Although the file size is the same, the azcopy'd file seems to have extra characters embedded that pushes it out, it's as if the transfer has added extra data, but has stopped at the same byte size therefore truncating the last parts of the file.

It might be interesting to know, although it is an HTML (text) file, it does contain some binary data.

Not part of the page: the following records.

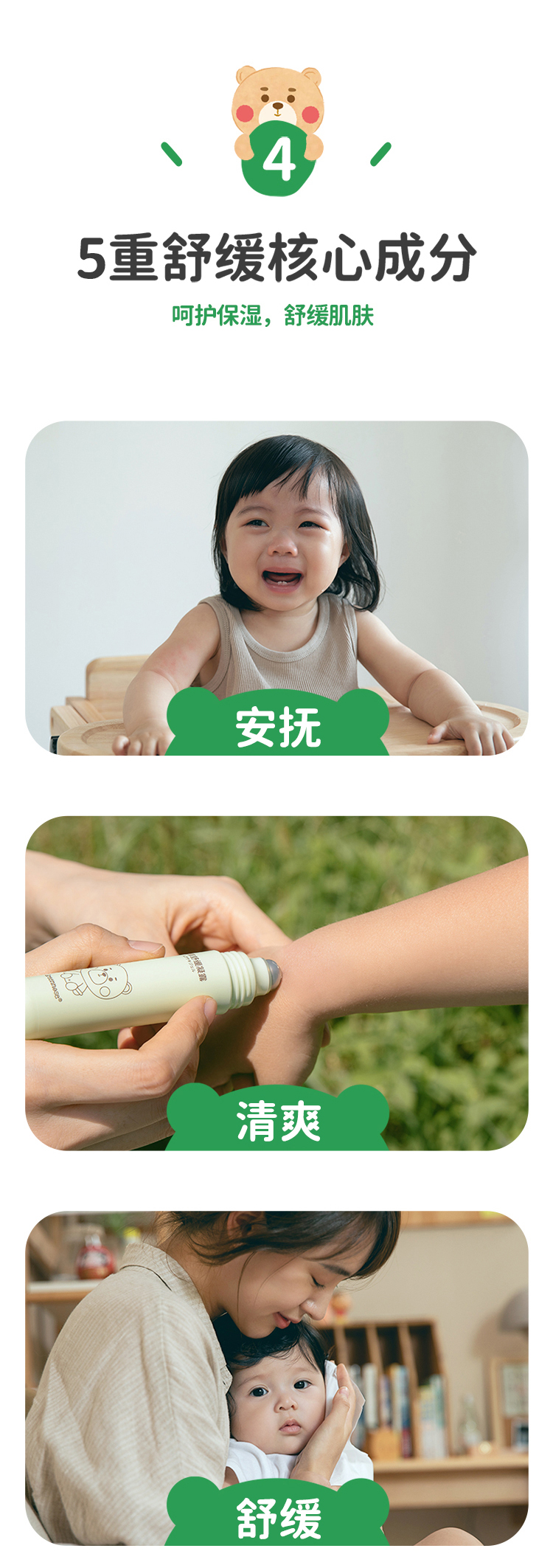 日本绿鼻子婴儿童止痒凝露蚊虫叮咬紫草止痒膏滚珠2.6g/支
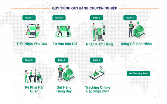 Giao hàng tận nơi, xử lý toàn bộ quy trình từ nhận hàng đến giao hàng quốc tế.
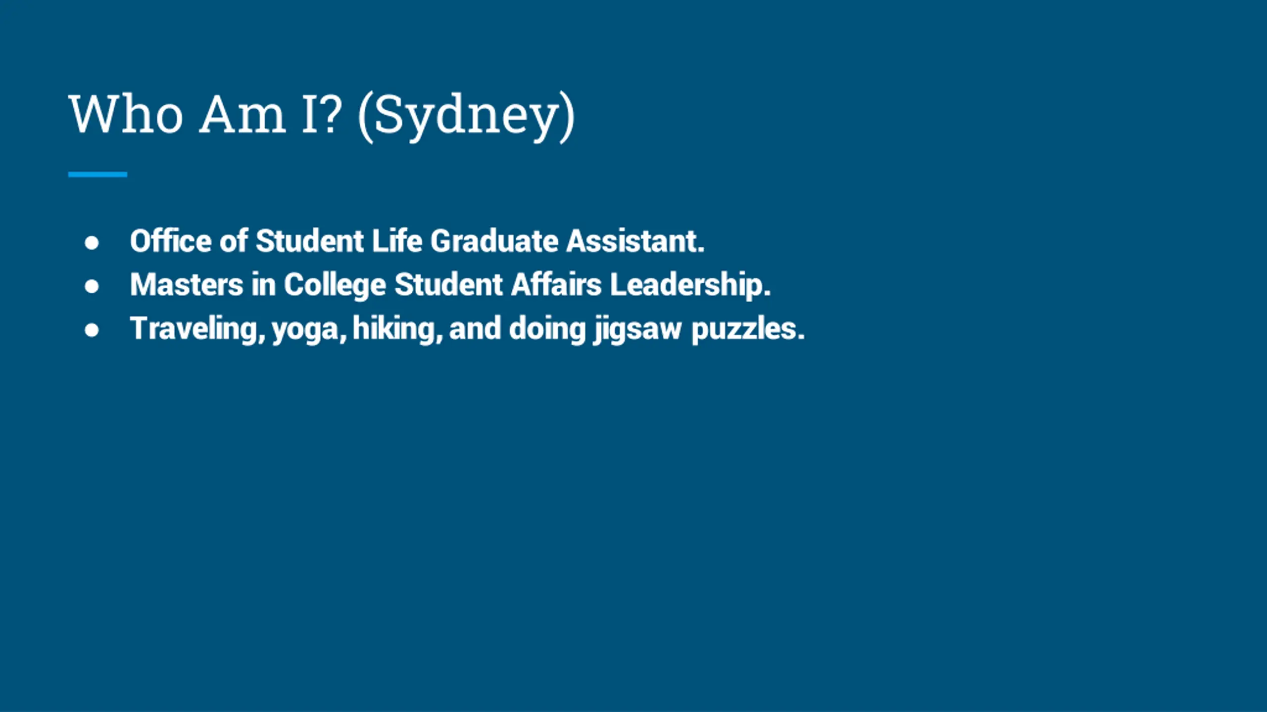 Who Am I? (Sydney) Office of Student Life Graduate Assistant. Masters in College Student Affairs Leadership. Traveling, yoga, hiking, and doing jigsaw puzzles.
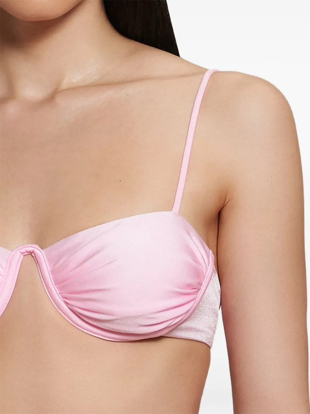lichtroze stretch designTop: beugelbh verstelbare spaghettibandjes sluiting aan de achterkantBroek bedel detail bikinibroek met striksluiting aan de zijkant Zwemkleding moet over je eigen kleding worden aangepast.
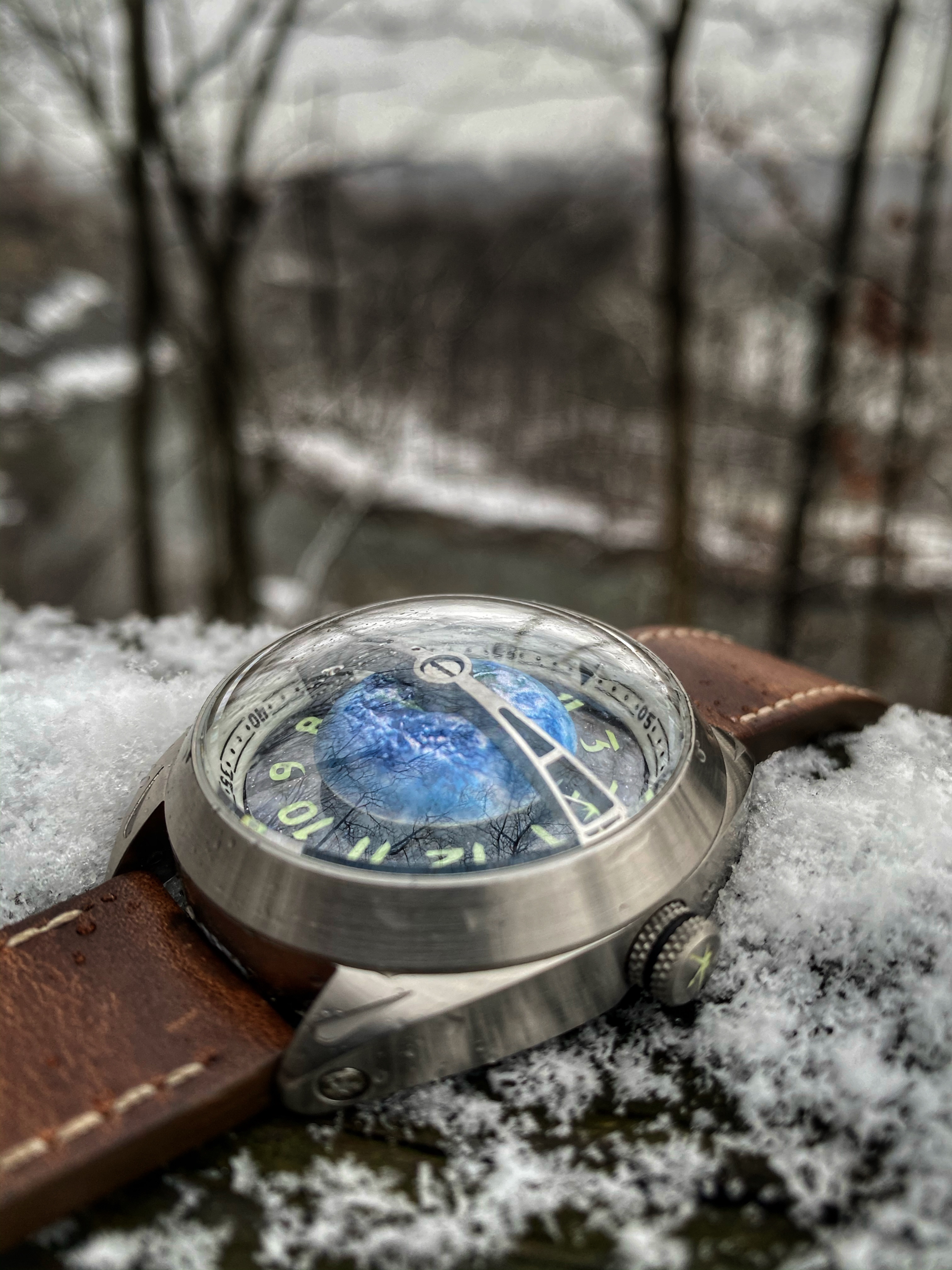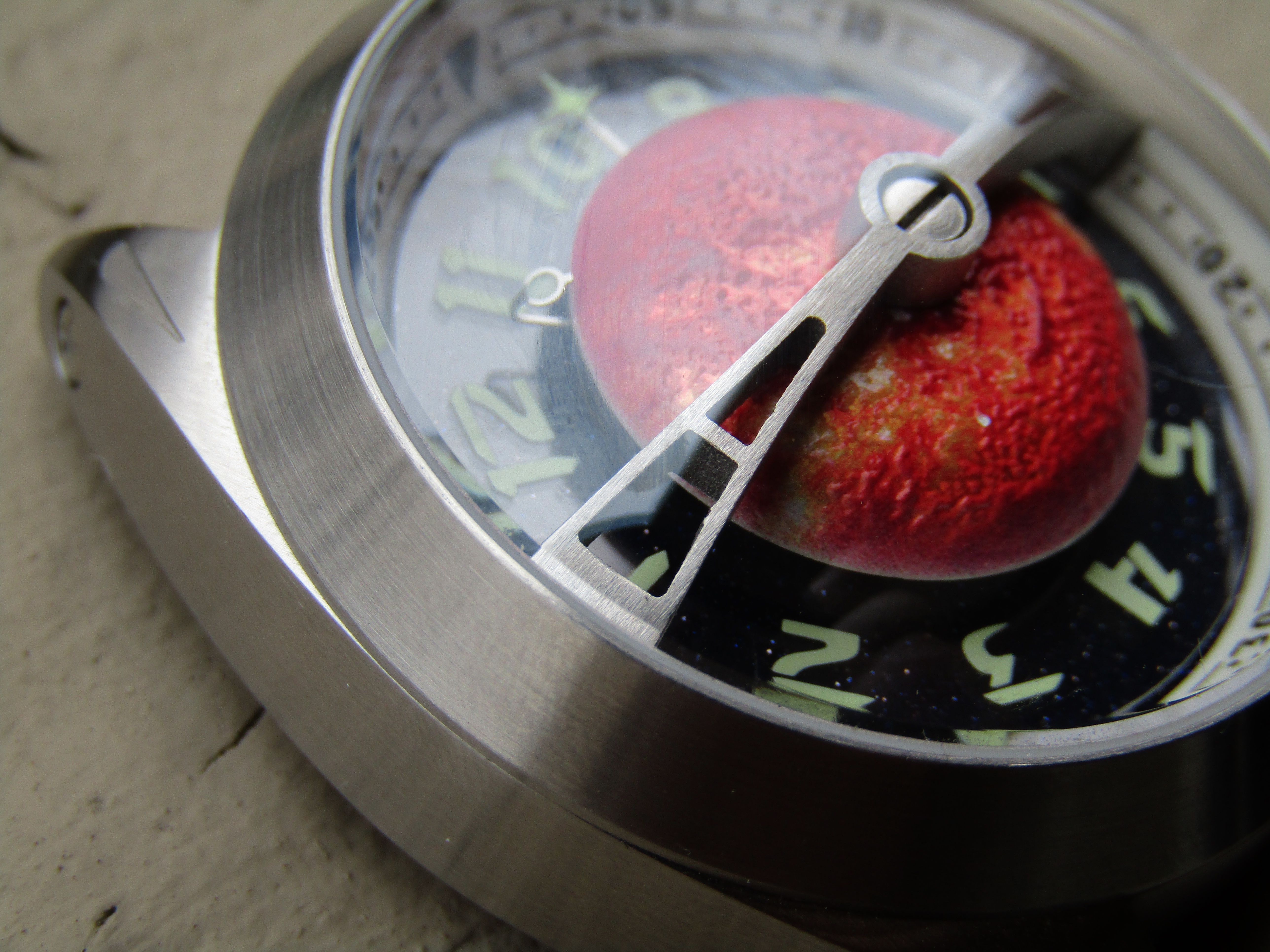 Kaal has done a thorough job of committing to the theme of the Multiverse through the precise execution of these details. The “northern star” tip of the minute hand is an example of the details I am referring to. I like that Kaal made the the tip on the minute hand to resemble a glistening star instead of going with the traditional star ⭐️ shape. The prototype version is an all white star but the production pieces will feature a red outlined star which will allow for greater visibility/legibility. Kaal is also shortening the stem on the minute hand to only allow the star itself to be seen. They are also increasing the size of the star from 3.28mm to 5mm, again this will allow for a much greater legible minute hand. The minute hand isn’t the only hand to receive a size upgrade either. The “orb” or as I like to refer to it as, the satellite second hand size is being increased from 1.4mm to 1.8mm. The satellite second hand orbits around the 3D part of the dial, which is either the earth, moon or sun depending upon the version you chose.

I may have found a similar problem investigating this bug further. And can reliably reproduce it. I've created a gist with three files:

  • first-index.html
  • second-index.html
  • third-index.html

If you take all three, then follow these steps:

  1. Copy first-index.html to a clean folder, and rename it to index.html
  2. Execute azcopy sync "$PWD/" "https://storageaccount.blob.core.windows.net/container/$sas" --recursive
  3. Copy second-index.html to the same folder, renaming it to index.html
  4. Execute azcopy sync "$PWD/" "https://storageaccount.blob.core.windows.net/container/$sas" --recursive

(these steps were performed using azcopy-preview 10.0.7 for Mac OS)

Observed behaviour:

The last portion of index.html when viewing it in the Azure web interface contains a series of unknown characters at the end.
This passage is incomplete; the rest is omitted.